RECORDS FOR PROCESSING:
-- Opening Marker --

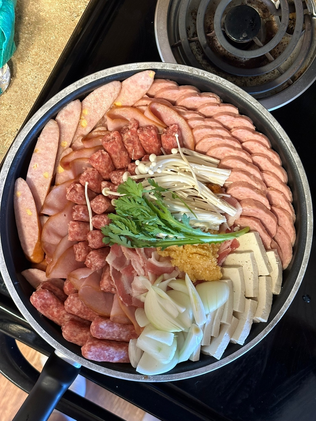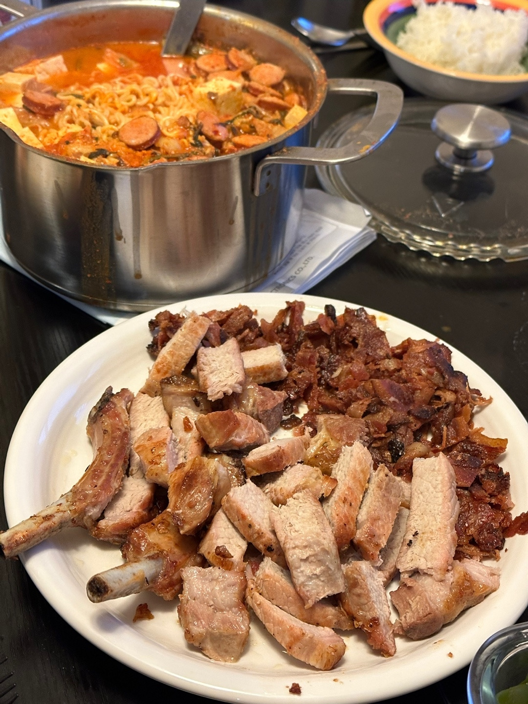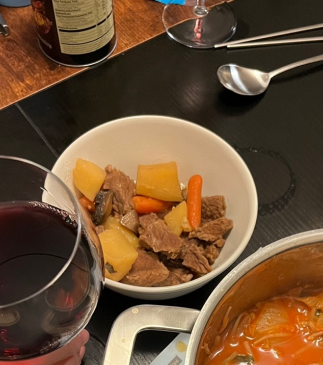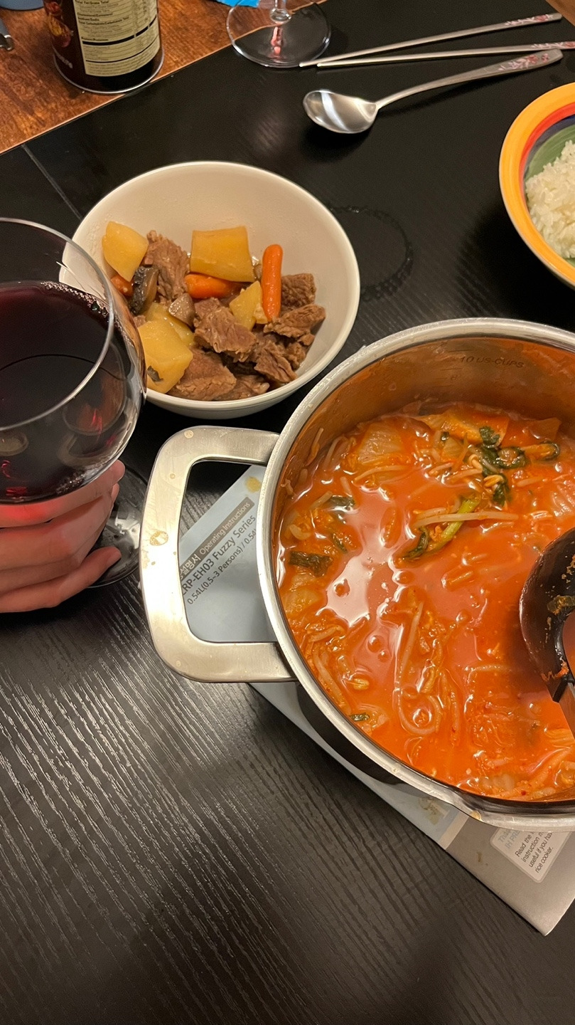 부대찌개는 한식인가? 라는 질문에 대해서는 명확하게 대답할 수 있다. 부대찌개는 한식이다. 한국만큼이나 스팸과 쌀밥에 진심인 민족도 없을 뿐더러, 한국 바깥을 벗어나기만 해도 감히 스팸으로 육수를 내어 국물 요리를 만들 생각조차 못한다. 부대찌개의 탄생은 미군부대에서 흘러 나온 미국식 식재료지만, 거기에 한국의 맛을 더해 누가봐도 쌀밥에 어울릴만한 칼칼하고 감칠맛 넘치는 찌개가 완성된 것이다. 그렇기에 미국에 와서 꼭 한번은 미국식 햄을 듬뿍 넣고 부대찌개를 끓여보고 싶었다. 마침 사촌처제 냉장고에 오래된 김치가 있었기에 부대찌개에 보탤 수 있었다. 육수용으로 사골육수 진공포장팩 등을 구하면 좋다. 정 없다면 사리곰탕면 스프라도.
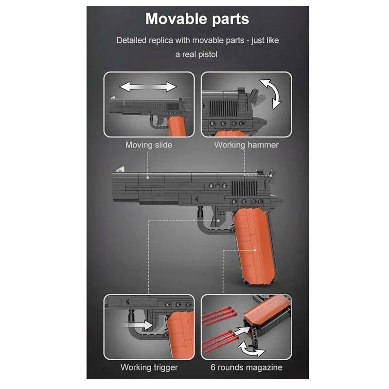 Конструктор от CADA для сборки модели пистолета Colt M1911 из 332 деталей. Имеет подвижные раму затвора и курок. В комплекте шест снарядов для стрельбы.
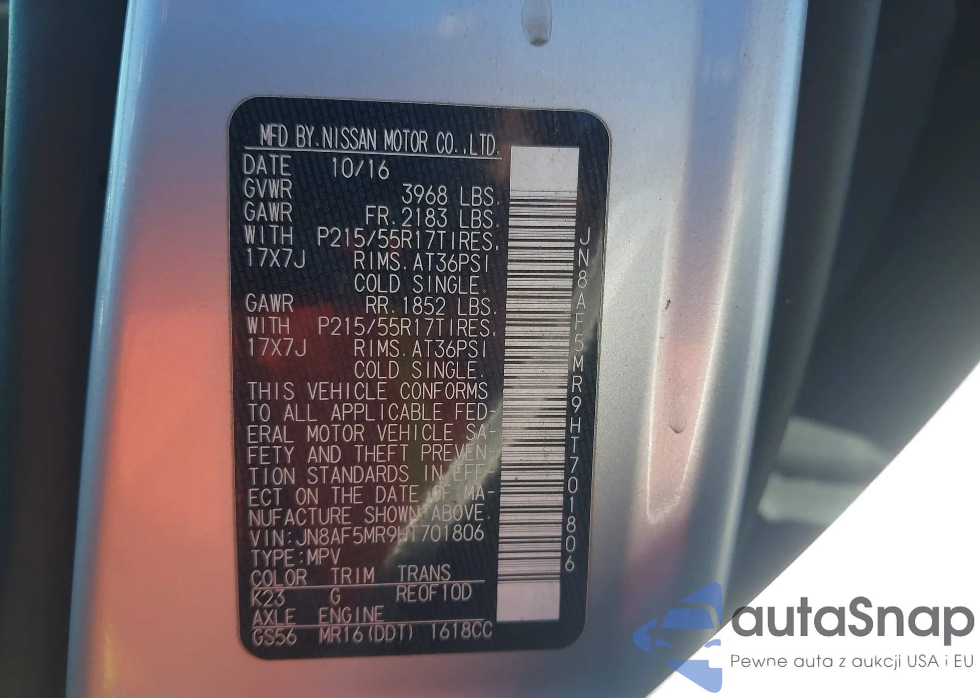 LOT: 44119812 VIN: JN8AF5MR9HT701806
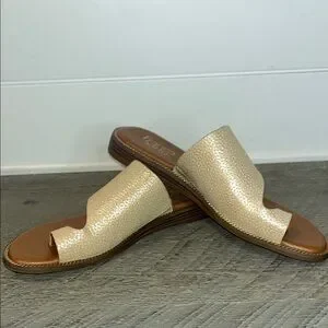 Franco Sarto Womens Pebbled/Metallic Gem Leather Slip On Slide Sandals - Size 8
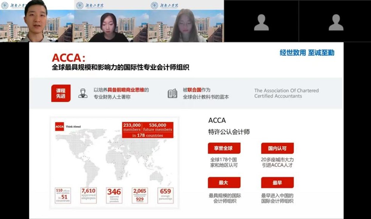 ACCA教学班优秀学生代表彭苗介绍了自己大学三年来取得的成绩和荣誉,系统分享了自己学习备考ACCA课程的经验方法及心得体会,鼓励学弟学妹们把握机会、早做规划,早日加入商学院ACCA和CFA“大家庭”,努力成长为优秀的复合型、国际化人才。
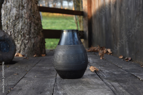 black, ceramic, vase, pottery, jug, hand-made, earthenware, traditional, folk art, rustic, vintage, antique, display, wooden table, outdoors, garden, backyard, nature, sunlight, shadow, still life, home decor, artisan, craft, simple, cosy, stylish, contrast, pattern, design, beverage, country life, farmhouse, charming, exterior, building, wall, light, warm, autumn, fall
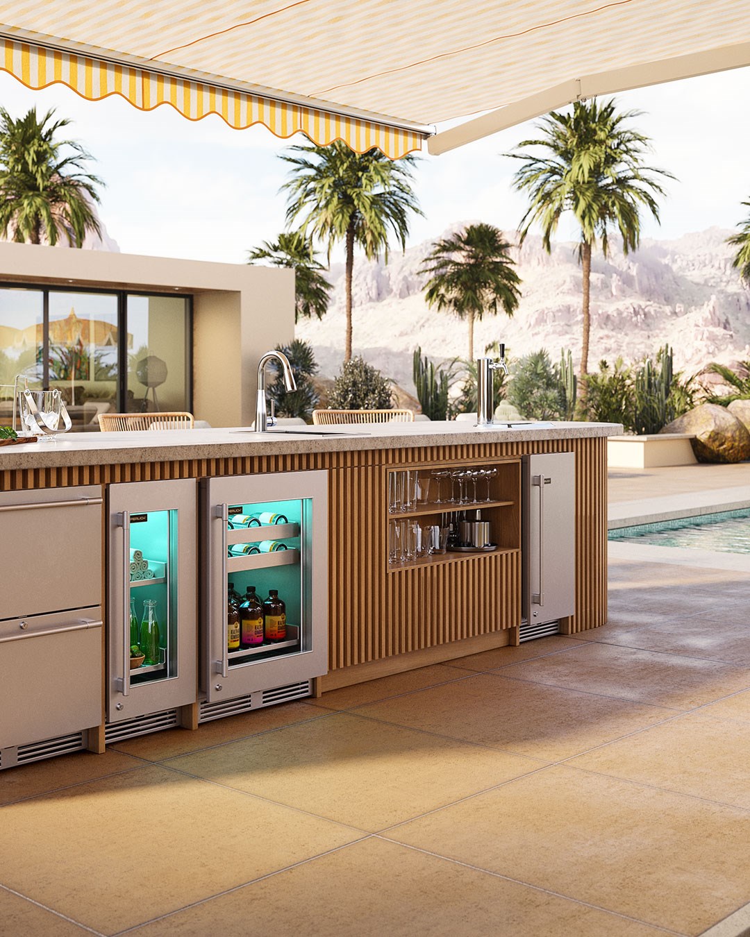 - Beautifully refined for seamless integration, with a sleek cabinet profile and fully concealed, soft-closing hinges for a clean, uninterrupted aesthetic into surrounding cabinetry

-- Closing Marker --

DIRECTIONS FOR THIS TASK: Transcribe, from the records above, the first line and every line after it up to and including the line with "Franco Sarto Womens"; omit pictures.

ANSWER TO THE EXERCISE:
 부대찌개는 한식인가? 라는 질문에 대해서는 명확하게 대답할 수 있다. 부대찌개는 한식이다. 한국만큼이나 스팸과 쌀밥에 진심인 민족도 없을 뿐더러, 한국 바깥을 벗어나기만 해도 감히 스팸으로 육수를 내어 국물 요리를 만들 생각조차 못한다. 부대찌개의 탄생은 미군부대에서 흘러 나온 미국식 식재료지만, 거기에 한국의 맛을 더해 누가봐도 쌀밥에 어울릴만한 칼칼하고 감칠맛 넘치는 찌개가 완성된 것이다. 그렇기에 미국에 와서 꼭 한번은 미국식 햄을 듬뿍 넣고 부대찌개를 끓여보고 싶었다. 마침 사촌처제 냉장고에 오래된 김치가 있었기에 부대찌개에 보탤 수 있었다. 육수용으로 사골육수 진공포장팩 등을 구하면 좋다. 정 없다면 사리곰탕면 스프라도.
 Конструктор от CADA для сборки модели пистолета Colt M1911 из 332 деталей. Имеет подвижные раму затвора и курок. В комплекте шест снарядов для стрельбы.
 LOT: 44119812 VIN: JN8AF5MR9HT701806
 Franco Sarto Womens Pebbled/Metallic Gem Leather Slip On Slide Sandals - Size 8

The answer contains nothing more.